(Task inputs Opens)
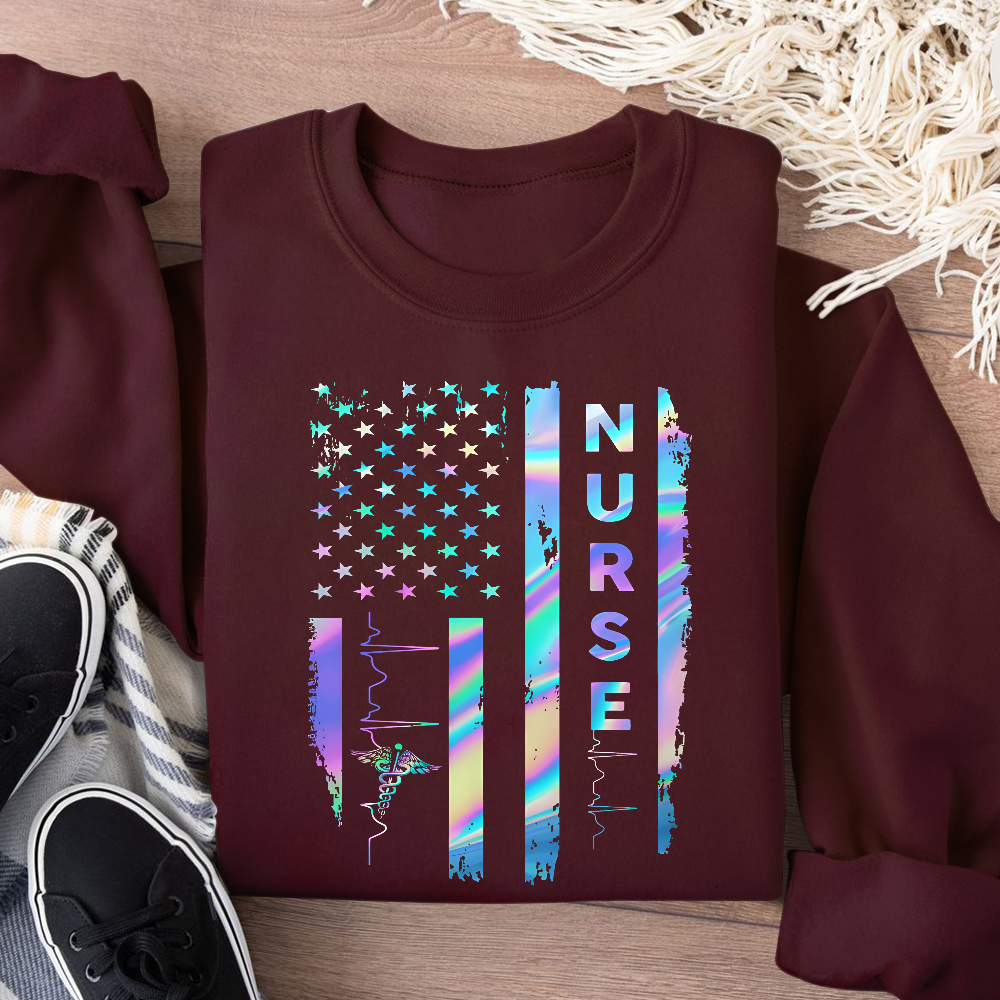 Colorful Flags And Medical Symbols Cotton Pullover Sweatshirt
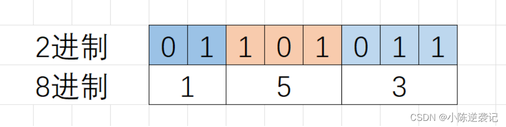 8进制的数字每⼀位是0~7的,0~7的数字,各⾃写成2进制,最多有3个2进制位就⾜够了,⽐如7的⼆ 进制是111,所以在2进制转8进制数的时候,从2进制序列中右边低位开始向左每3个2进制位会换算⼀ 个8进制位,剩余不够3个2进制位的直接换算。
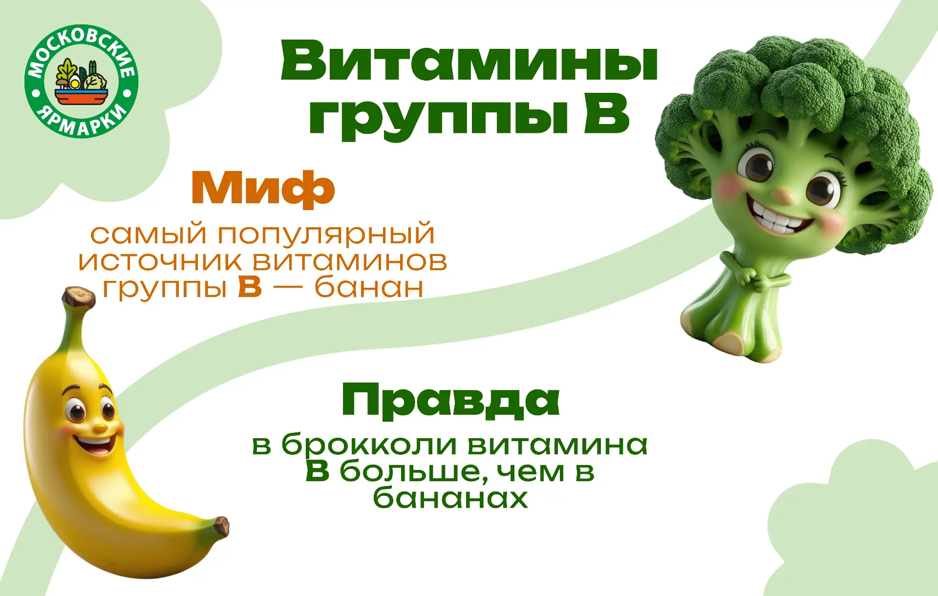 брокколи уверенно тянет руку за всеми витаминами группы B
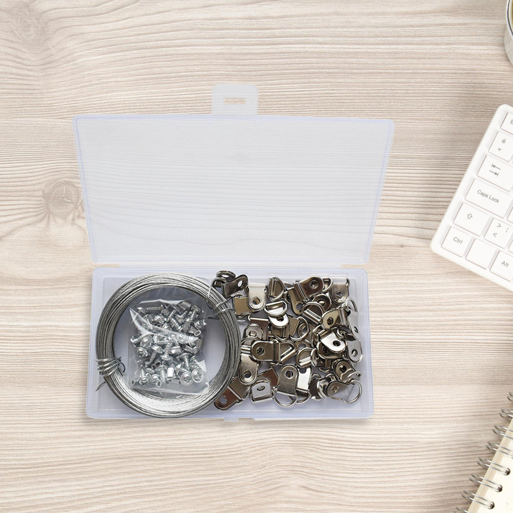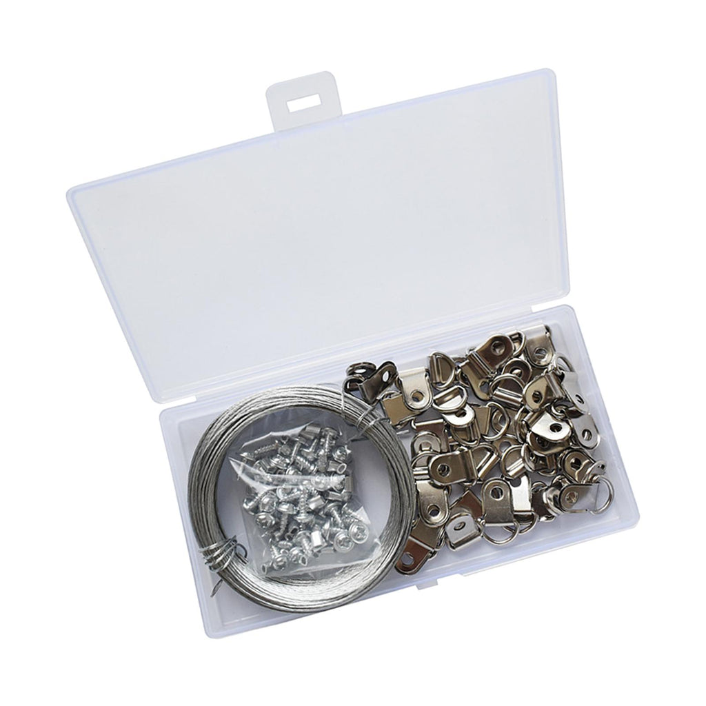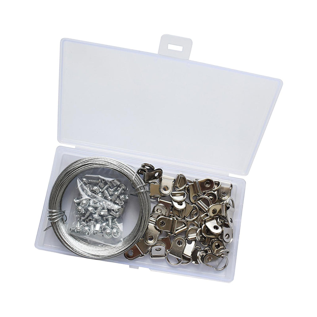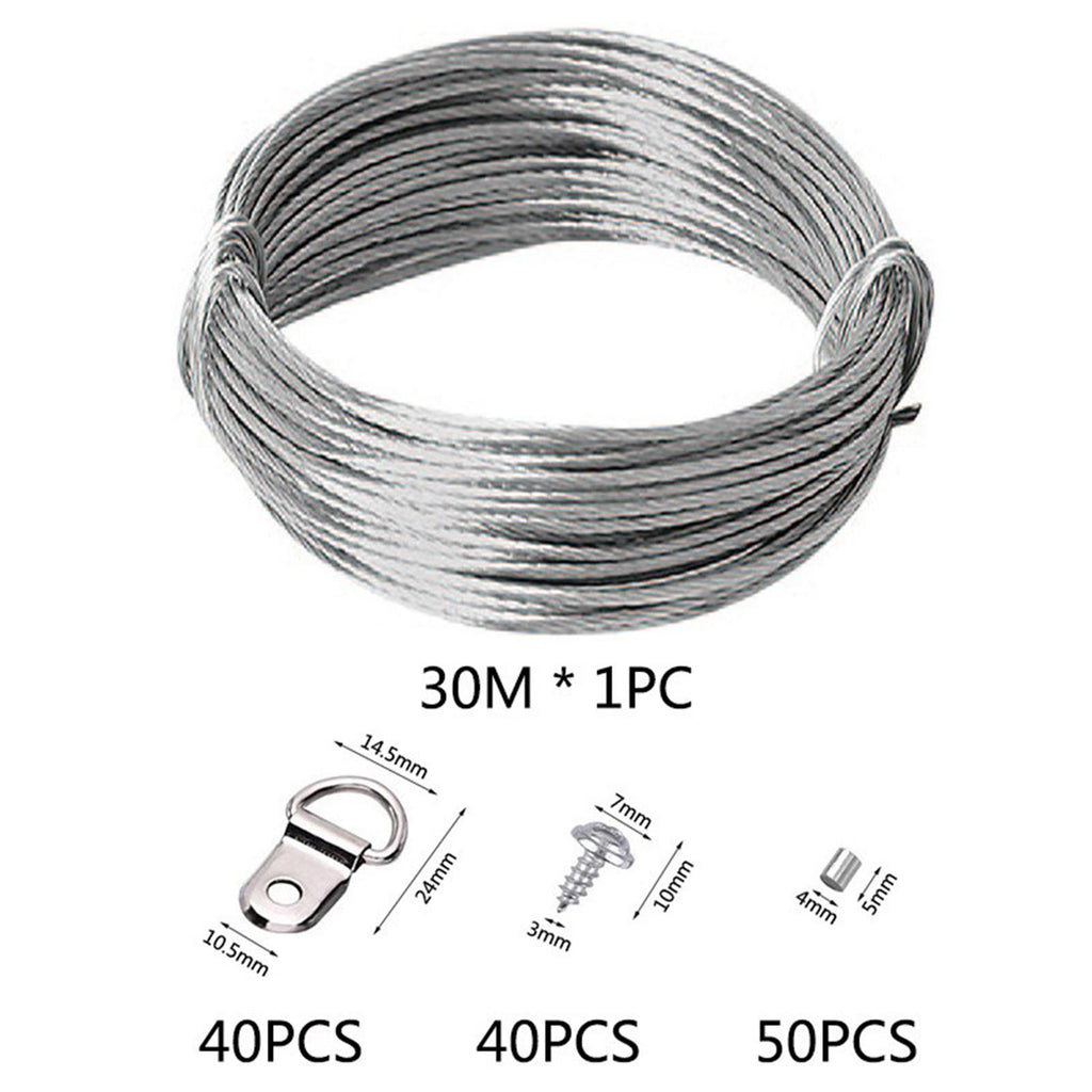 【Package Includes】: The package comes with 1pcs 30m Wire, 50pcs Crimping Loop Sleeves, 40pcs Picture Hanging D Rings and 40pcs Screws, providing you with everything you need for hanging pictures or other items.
(Task inputs Closes)
(Task inputs Opens)
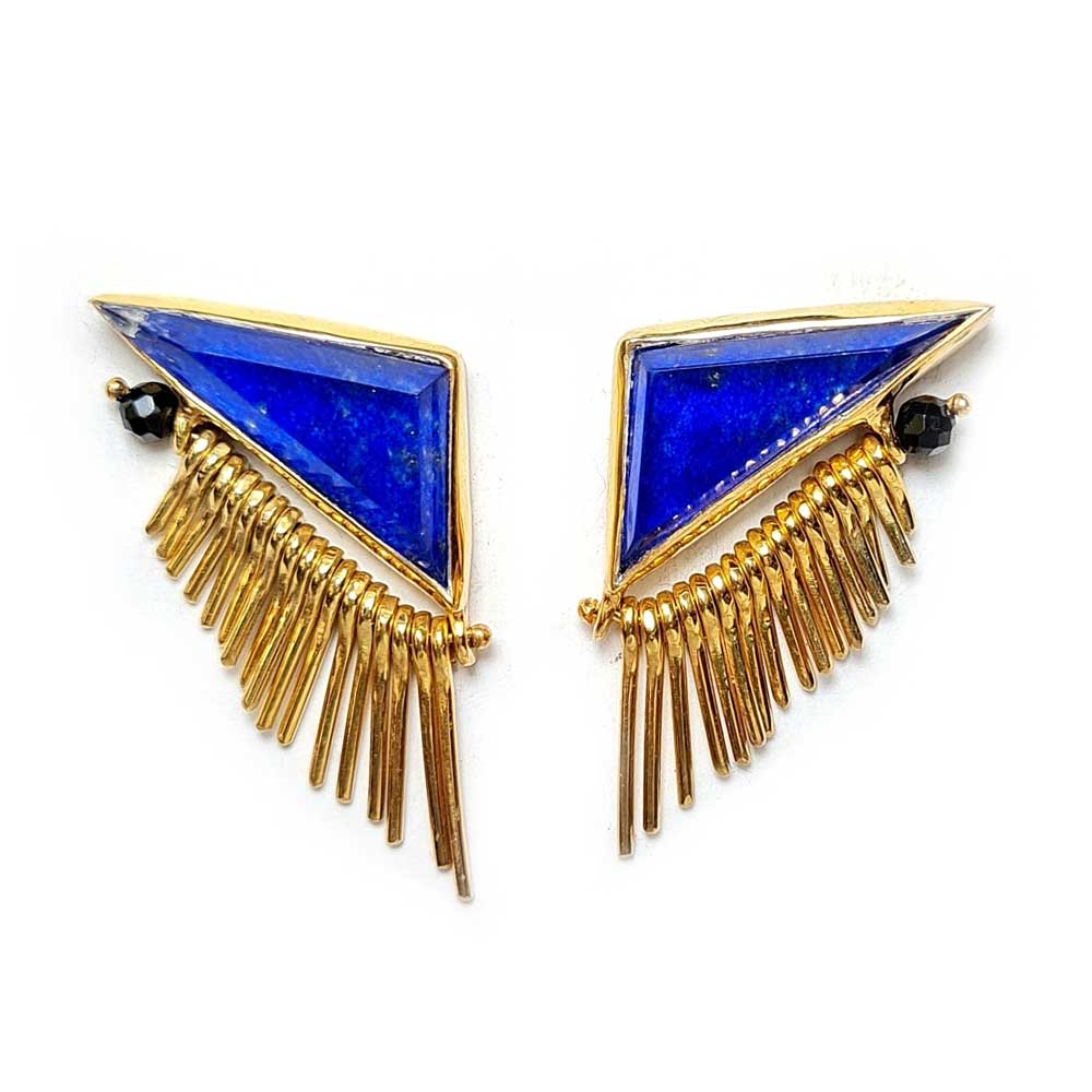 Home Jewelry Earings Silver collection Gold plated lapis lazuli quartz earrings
(Task inputs Closes)
• Work request: Print exactly the lines above that run from the one with "Colorful Flags And" to the one with "брокколи уверенно тянет", both included. No pictures.

• Exercise solution:
 Colorful Flags And Medical Symbols Cotton Pullover Sweatshirt
 8进制的数字每⼀位是0~7的,0~7的数字,各⾃写成2进制,最多有3个2进制位就⾜够了,⽐如7的⼆ 进制是111,所以在2进制转8进制数的时候,从2进制序列中右边低位开始向左每3个2进制位会换算⼀ 个8进制位,剩余不够3个2进制位的直接换算。
 брокколи уверенно тянет руку за всеми витаминами группы B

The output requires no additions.